Using the records below, reproduce exactly the lines from the one containing "正如 Ethena 创始人" through the end, and nothing more; skip the images.
%%
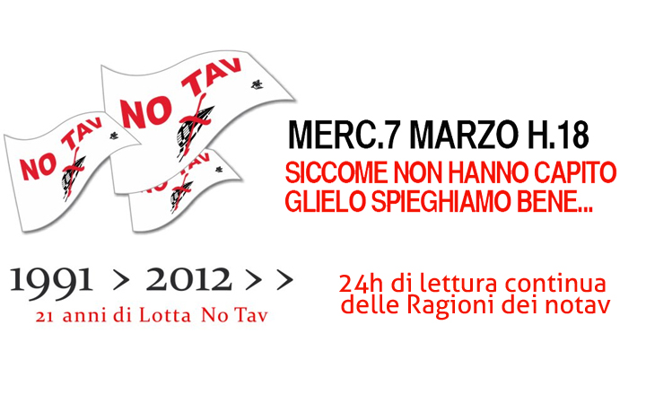 Da lì i no tav a turno leggeranno ininterrottamente per 24 ore le 150 ragioni contro l’alta velocità. Sarà una maratona di lettura, aperta a tutti, a cui tutti potranno partecipare con momenti per intrattenersi al riparo durante la notte.
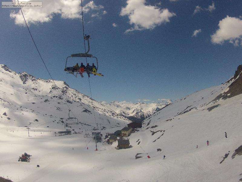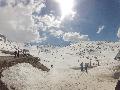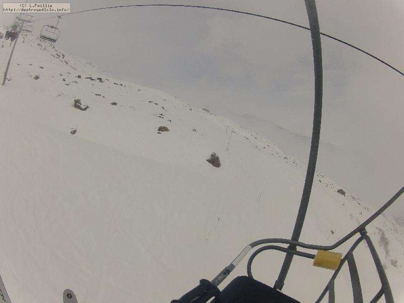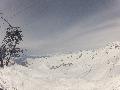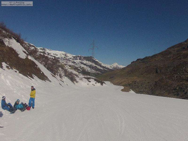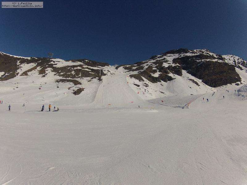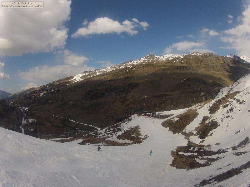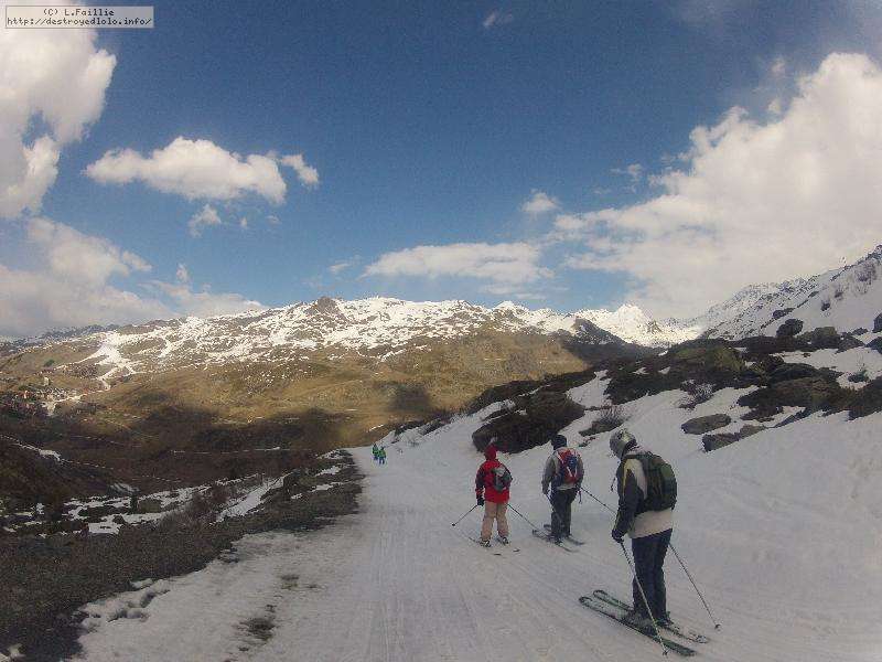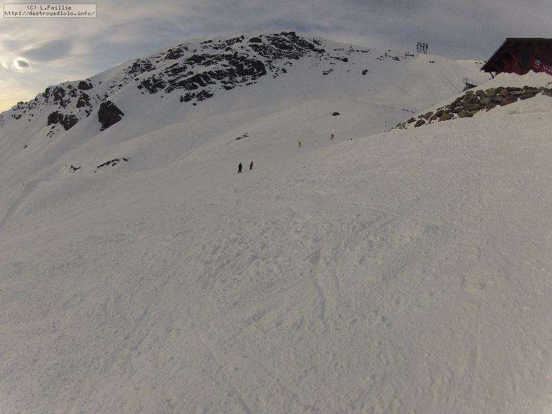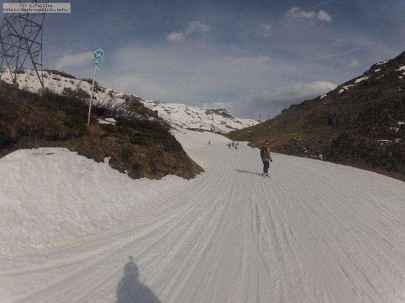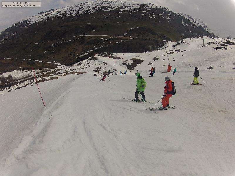 L'arrivée fait peur ... quasiment pas de neige au niveau de la station. Heureusement, et comme ce fut le cas depuis le début de cette saison sans neige, les dameuses ont fait un bon boulot et quasiment aucun cailloux sur les pistes. Bonne bonne glisse !
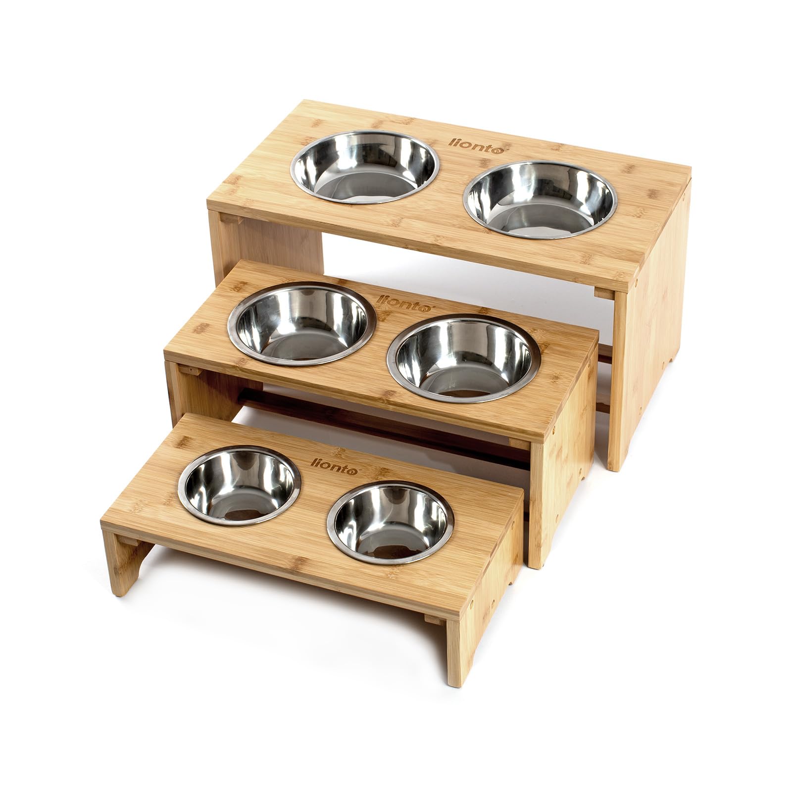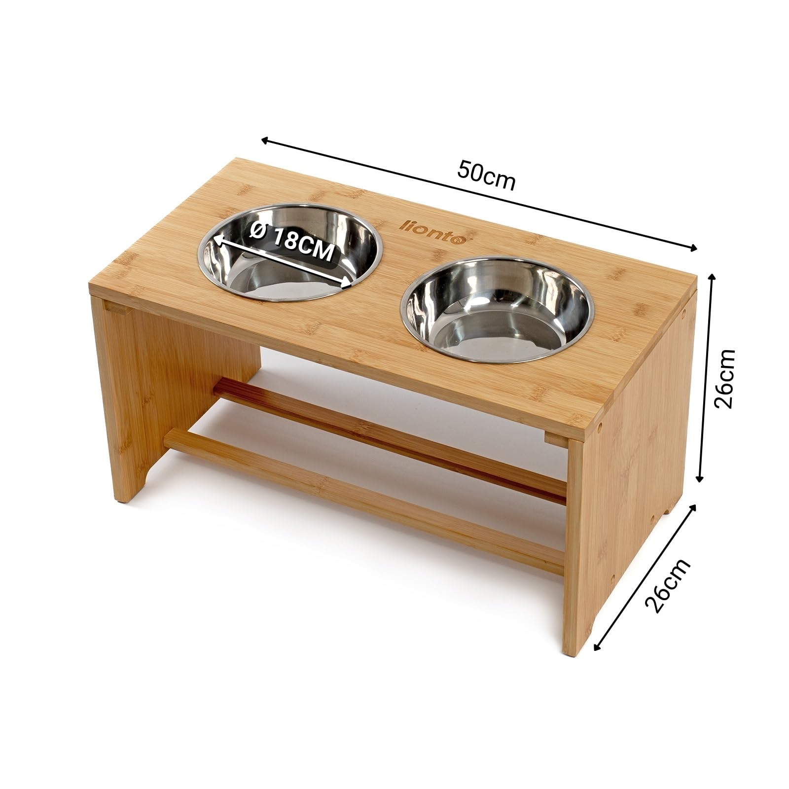lionto Comedero para Perros Elevado comedero para Perros Barra de Comida de bambú para Mascotas 2 Cuencos de Acero Inoxidable Antideslizante, (L) 50x26x26 cm
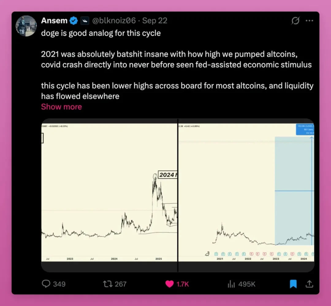 正如 Ethena 创始人 G 所言:「我担心的一点是,我们已耗尽『加密原生资本』,无法将山寨币推升至前一轮周期的峰值。对比 2021 年第四季度与 2024 年第四季度的山寨币总市值峰值,两者相差无几(均略低于 1.2 万亿美元);若剔除通胀因素,两轮周期的峰值几乎完全一致。这或许就是全球散户能为『概念性资产』投入的最大资金规模。」
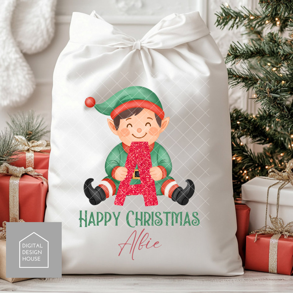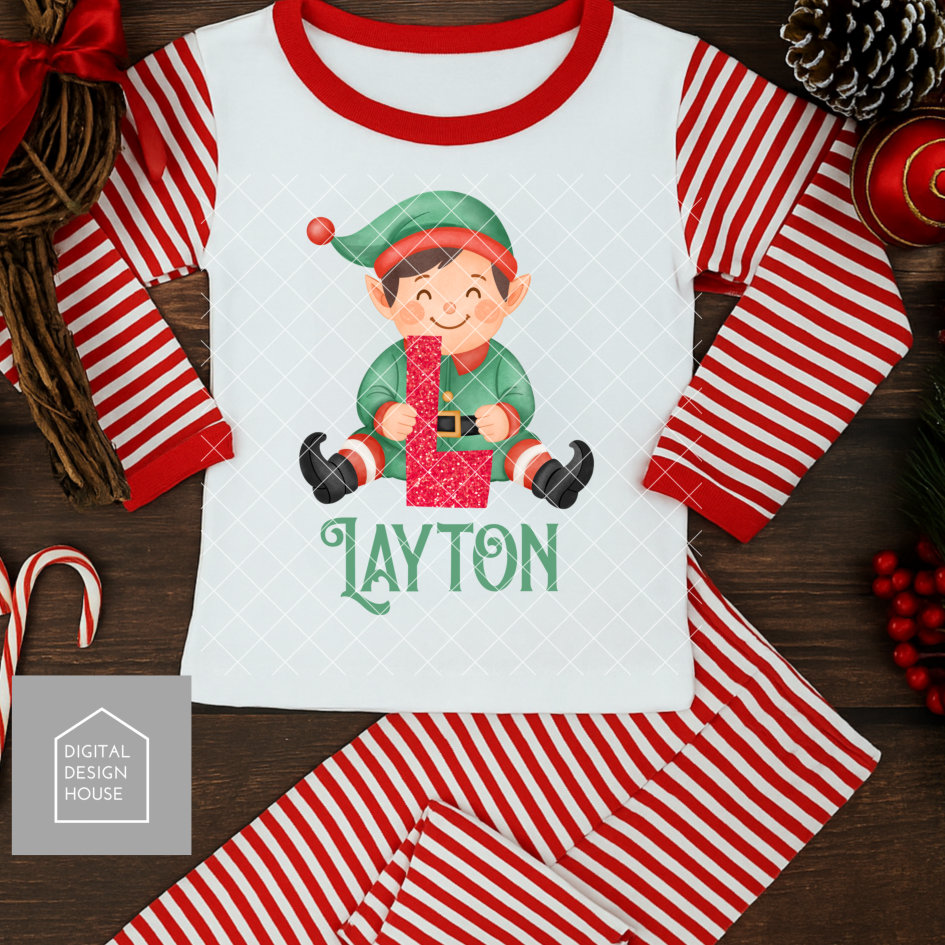 ELF Alphabet BOYS - Cute Elf holding a letter of the alphabet
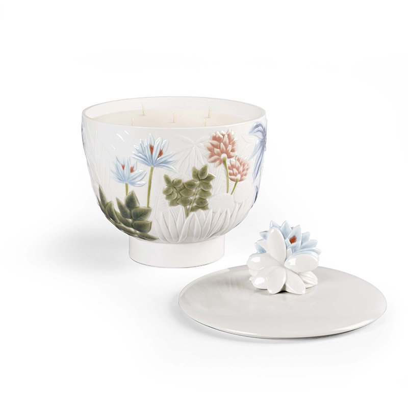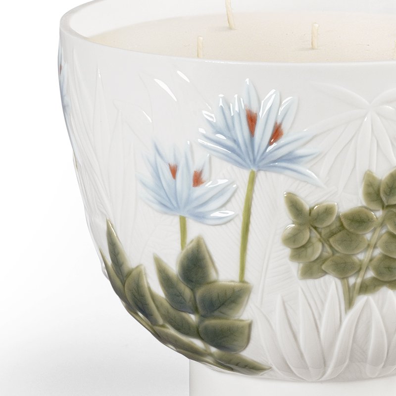 この美しい磁器のキャンドルホルダーの装飾は、フランスの高名な芸術家、アンリ・ルソーの作品、そして彼の自然を描く独特の手法から発想を得ています。
%%
## RESULT
 正如 Ethena 创始人 G 所言:「我担心的一点是,我们已耗尽『加密原生资本』,无法将山寨币推升至前一轮周期的峰值。对比 2021 年第四季度与 2024 年第四季度的山寨币总市值峰值,两者相差无几(均略低于 1.2 万亿美元);若剔除通胀因素,两轮周期的峰值几乎完全一致。这或许就是全球散户能为『概念性资产』投入的最大资金规模。」
 ELF Alphabet BOYS - Cute Elf holding a letter of the alphabet
 この美しい磁器のキャンドルホルダーの装飾は、フランスの高名な芸術家、アンリ・ルソーの作品、そして彼の自然を描く独特の手法から発想を得ています。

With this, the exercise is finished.